Recreational marijuana dispensaries are also dealing with another problem that stems from their illegal status at the federal level.
Recreational marijuana dispensaries are also dealing with another problem that stems from their illegal status at the federal level. Since the revenue that these businesses make is still considered “drug money,” most banks refuse to conduct business with them. Marijuana is still classified as a Schedule I drug, which means that it has a high potential for abuse, no current medically acceptable use, and there is a lack of accepted safety for use of the drug under medical supervision.
This Schedule I designation denies dispensaries access to traditional banks. Therefore, these dispensaries have no real secure location to store all of their funds. They are also forced to deliver all of their tax payments personally by cash. Many business owners are fearful because they are transporting huge amounts of cash in duffel bags to these locations.
Recently at a California State Board of Equalization (“BOE”) office in San Francisco, a $400,000 payment came in carried in a “big bag.” This has led to strange problems for the BOE. For example, the teller windows in the office do not have slots big enough for the cash-stuffed envelopes to slide through. They have to be retrofitted to be bigger. In the meantime, the office staff is forced to come out of their safe rooms to receive payments.

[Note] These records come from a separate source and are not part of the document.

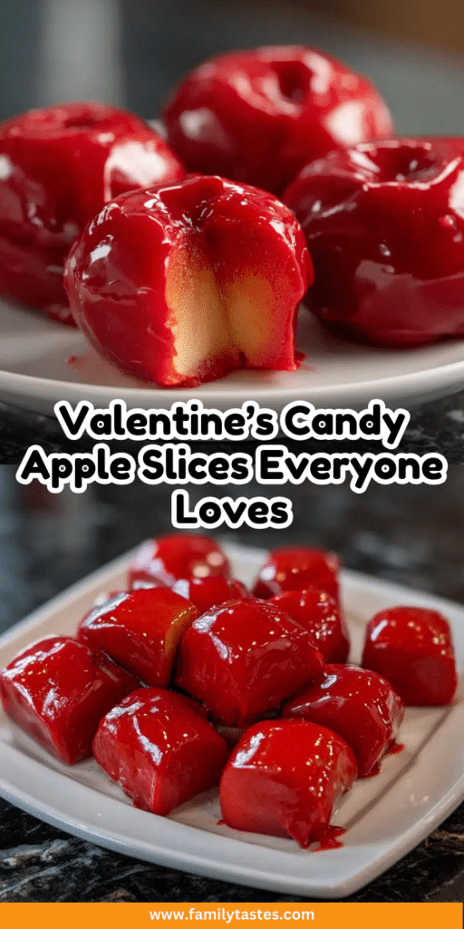 There’s something magical about homemade Valentine’s Day treats, especially when they involve candy apple slices! I still remember my mom making these for my first-grade Valentine’s party, her kitchen smelling like caramelized sugar and cinnamon. She’d arrange the ruby-red slices on a heart-shaped platter, each one glistening with that perfect candy coating. Now I carry on that sweet tradition, making these for my own family and friends. Nothing says “I love you” quite like sharing something made by hand, and these candy apple slices are my favorite way to spread the love. They’re easier than whole candy apples but just as festive and delicious!
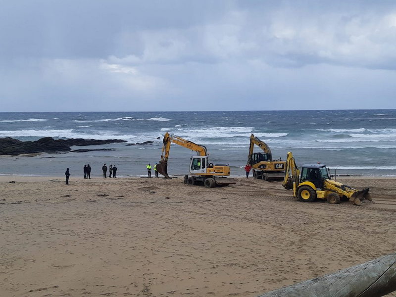 Finalmente, el dispositivo que se puso en marcha a primera hora de la tarde en la playa de Serantes (Tapia de Casariego) para recuperar el cadáver del rorcual boreal varado desde la tarde de ayer viernes, consiguió echarlo a tierra, empleando maquinaria pesada.
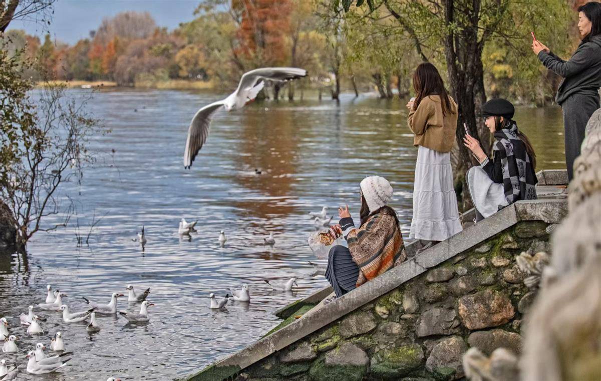 洱海边,游客和鸟和谐相处。(湖北日报全媒记者刘曙松摄)
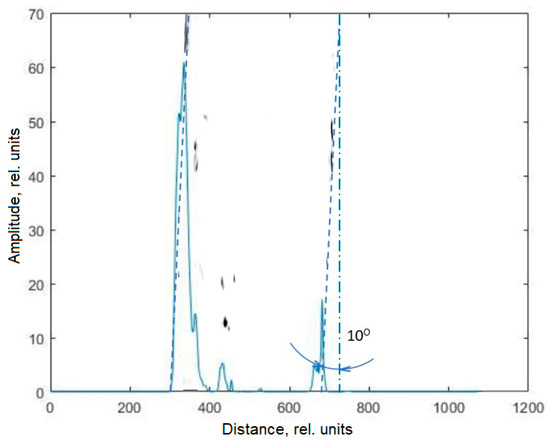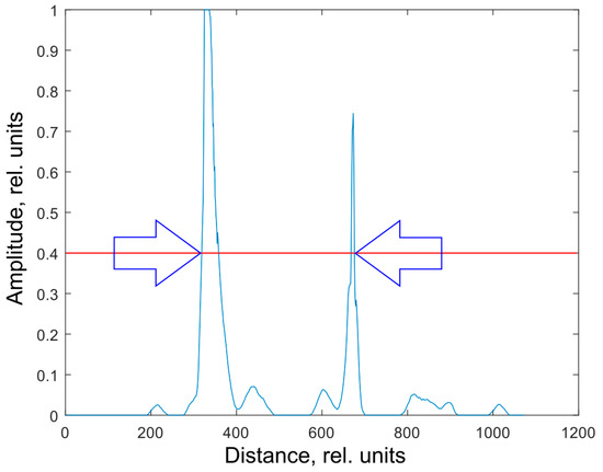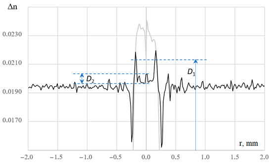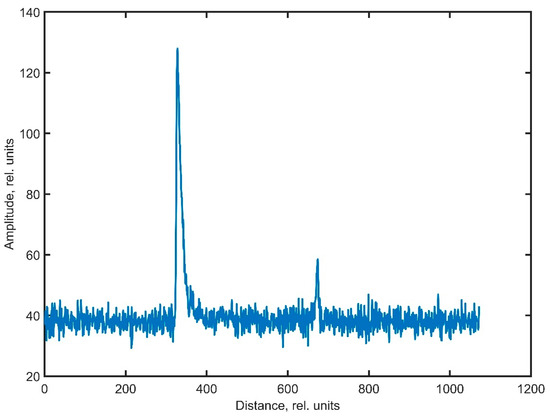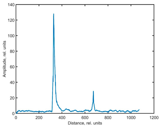 Figure 6 shows that the intensities of the two peaks corresponding to the preform outer layer boundaries are not the same. This is due to the fact that illumination occurs only on one side of the preform under test; therefore, the opposite side of the outer surface is illuminated less intensely. In this regard, with large diameters of the preform, as well as with intense noise during image digitization, mixing of the useful signal (second peak) with noise may take place. There are several ways to get rid of the noise component:
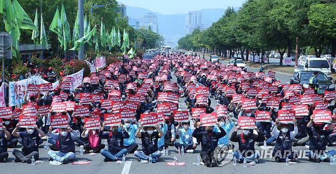 (창원=연합뉴스) 한지은 기자 = 전국건설노동조합 경남건설기계지부 레미콘지회가 18일 경남도청 앞에서 열린 총파업 결의대회에서 손피켓을 들고 있다. 2022.5.18

Inside the cash room at a Sacramento office, money is stored in an old small safe. Even though the safe is about four feet tall, it still gets stuffed to capacity. BOE staff report that sometimes the cash drawers at the windows get so full that the money ends up being stacked on desks, out in the open. Additionally, instead of the aroma of marijuana, the room smells strongly of fabric softener because some depositors “wash” the money in a dryer before coming in.
There have been some ideas tossed around to end these problems for dispensaries. This includes self-service teller kiosks like tax ATMs, contracting with banks to allow the BOE to use a secure “back room” to receive payments. People have also suggested the use of Bitcoin. So far, no solutions have turned out to be viable.

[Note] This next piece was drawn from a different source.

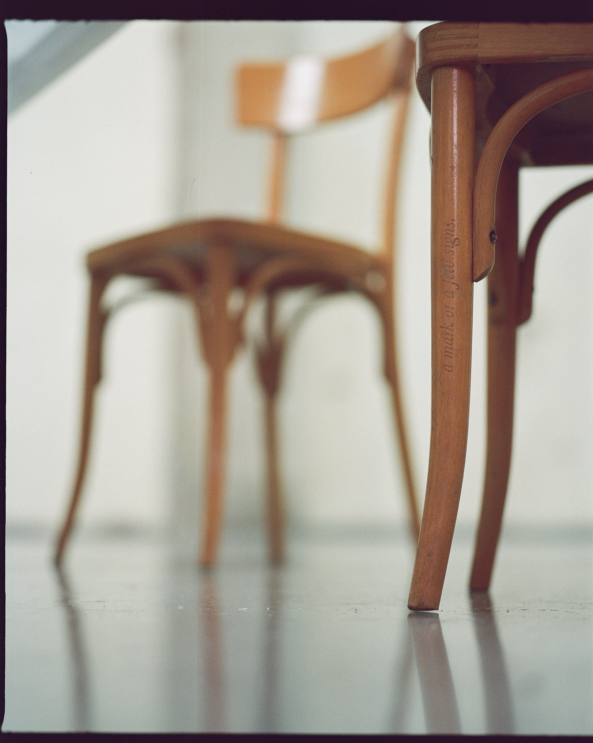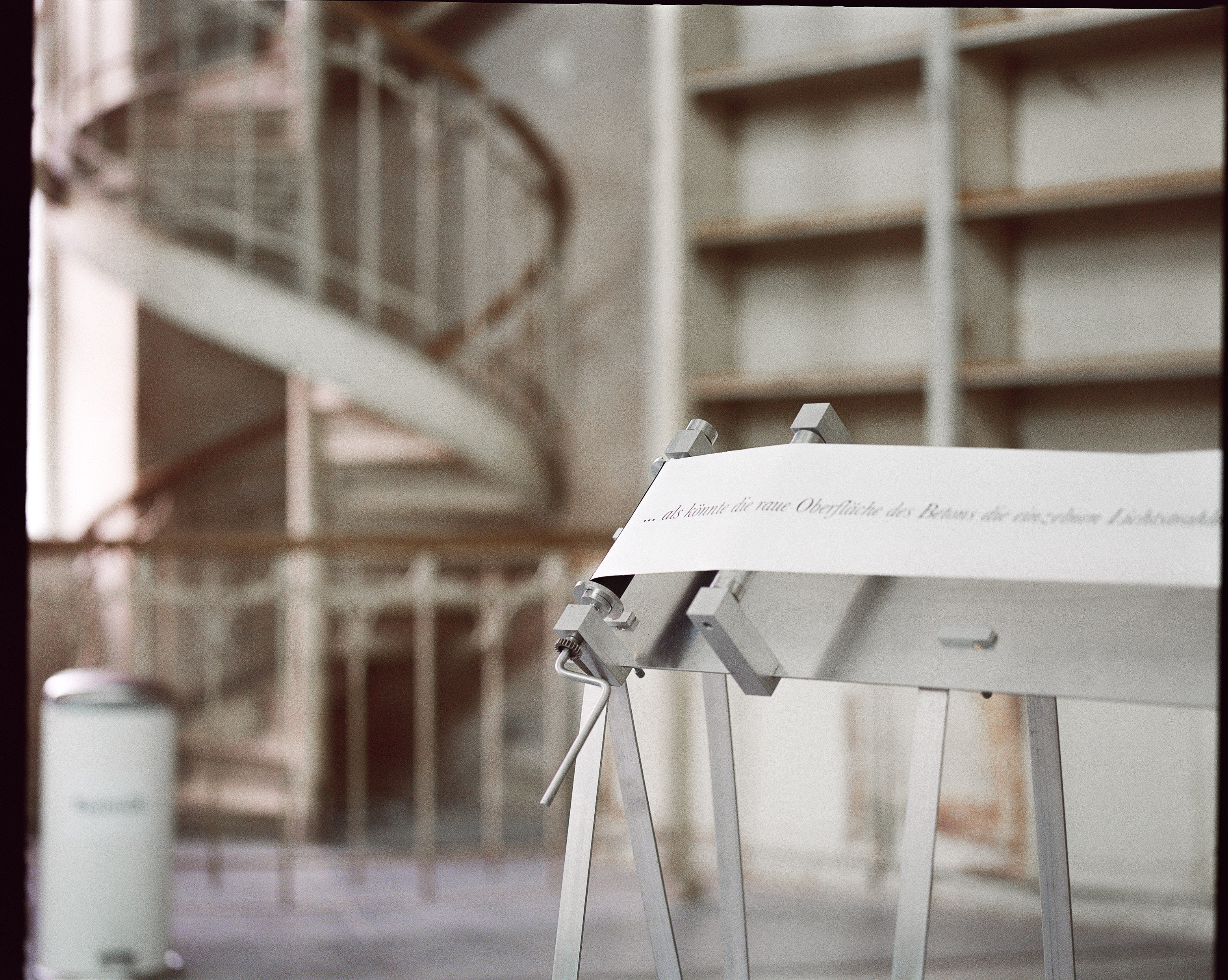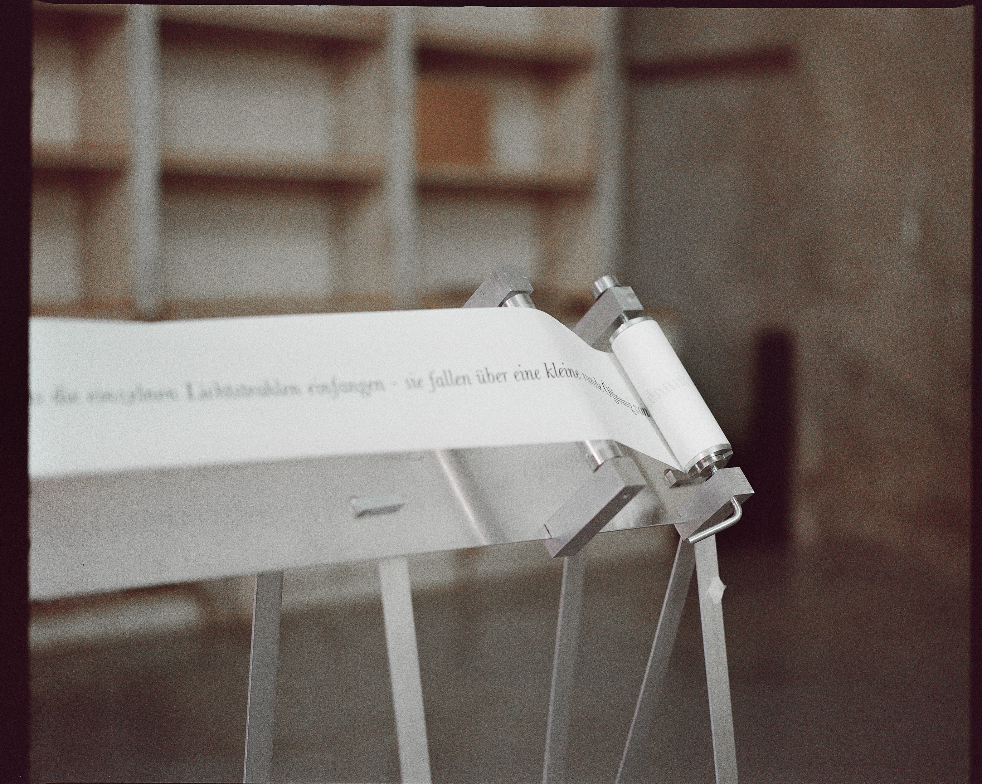 Der Inhalt dieser Arbeit und ihr Hauptthema sind identisch: Text und der Akt des Schreibens werden in den Mittelpunkt der folgenden Überlegungen zur Architektur gerückt, um eine Definition der Begriffe „Ort“ und „Raum“ zu entwickeln. Das zwischen diesen Begriffen und dem Schreiben aufgespannte Forschungsfeld ist komplex und außerordentlich vielfältig. Es war daher von Beginn an nicht das Ziel, dieses Themenfeld abschließend darzustellen oder eine eindeutige Theorie darüber zu formulieren, wie Raum geschrieben werden kann. Vielmehr werden unterschiedliche Perspektiven untersucht, indem theoretische Ansätze unredigierten Schriften über Räume, die von Kolleg_innen gesammelt wurden, gegenübergestellt werden. Mit dieser Herangehensweise wird die Dualität – die dialektische Beziehung zwischen Autor_innen und Leser_innen –, die tief im Akt des Schreibens verwurzelt ist, in den Vordergrund gerückt und eine heterogene Sammlung von Texten generiert, die verdeutlicht, wie tief das Selbst in die Räume, die es bewohnt, eingeschrieben ist, und wie tief diese Räume in das Selbst eingeschrieben sind. In diesem Prozess werden inhärente Potenziale dieses Aktes für die Wahrnehmung, Verarbeitung und Modulation von architektonischen Räumen ausgelotet. Abschließend finden diese Überlegungen ihre dreidimensionale Übersetzung in eine Installation, welche die Idee des Lesens und Schreibens aus der flachen, weißen Begrenzung der Seite herausführt. Sie besteht aus einem in Wachs gegossenen Tisch, vier gravierten Stühlen und Geräten zum Lesen einer fortlaufenden Textzeile.

In 2015, U.S. Representative Ed Perlmutter (D- CO), introduced the Marijuana Businesses Access to Banking Act of 2015 which would allow dispensaries to use traditional banking options if they complied with State laws. A sub-committee is currently reviewing this bill.
Both Hillary Clinton and Bernie Sanders have proposed plans to help resolve these problems.

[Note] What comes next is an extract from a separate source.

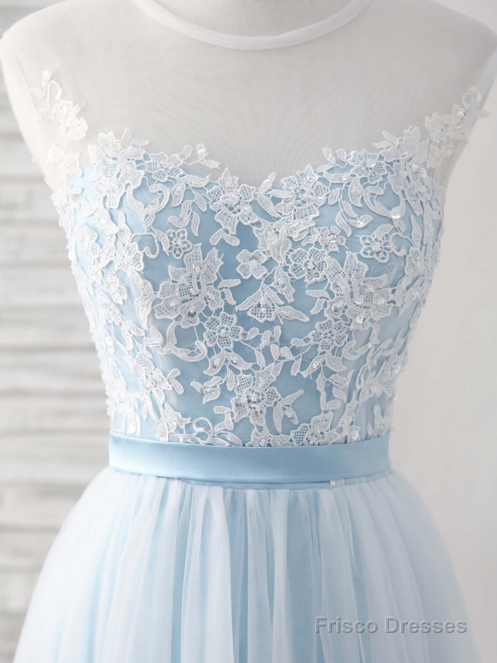 Blue Round Neck Tulle Lace Applique Long Prom Dresses
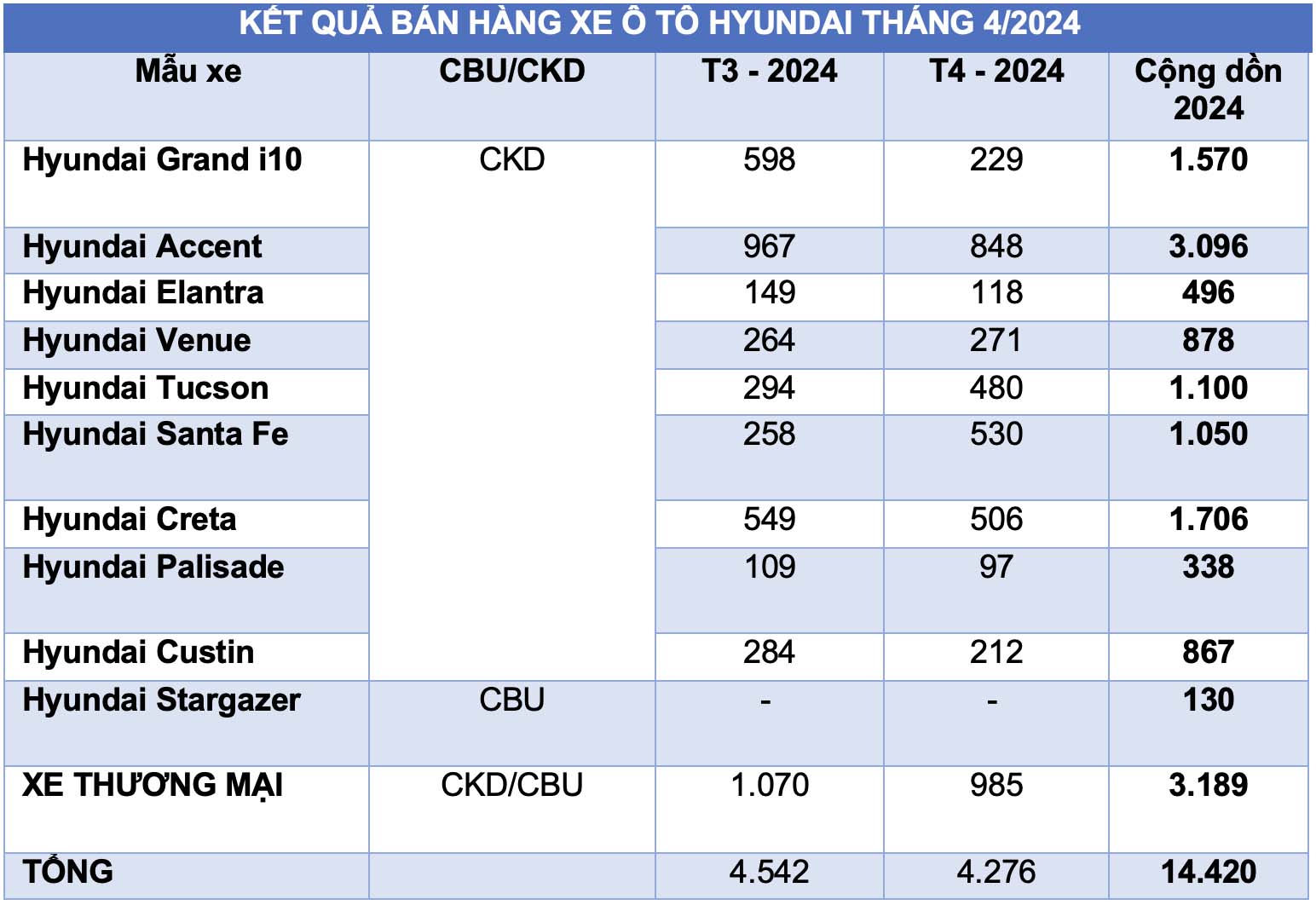 Doanh số bán hàng các mẫu xe Hyundai trong tháng 4/2024 và doanh số cộng dồn từ đầu năm đến nay (Đơn vị: Xe):

Although President Obama has stated that marijuana reform is not on his agenda for his last year in office, presidential hopefuls Hillary Clinton and Bernie Sanders have discussed the issue. Both Hillary Clinton and Bernie Sanders have proposed plans to help resolve these problems. Their respective plans though, are completely different.
Bernie Sanders has proposed to completely remove marijuana from the Drug Enforcement Administration’s schedule of controlled substances. This would have many consequences on the regulation of marijuana, but most importantly it would allow States to decide for themselves whether or not to legalize it. In contrast, Hillary Clinton has proposed to change the designation of marijuana to a Schedule II drug. This change would mainly allow researchers to conduct studies into the possible medicinal uses of marijuana.
If the government fails to cut businesses a break, legal marijuana could be sold on the black market to dodge taxes. Although the U.S. is moving towards a more common-sense drug regulation after the height of the war on drugs, there is still a lot left to improve.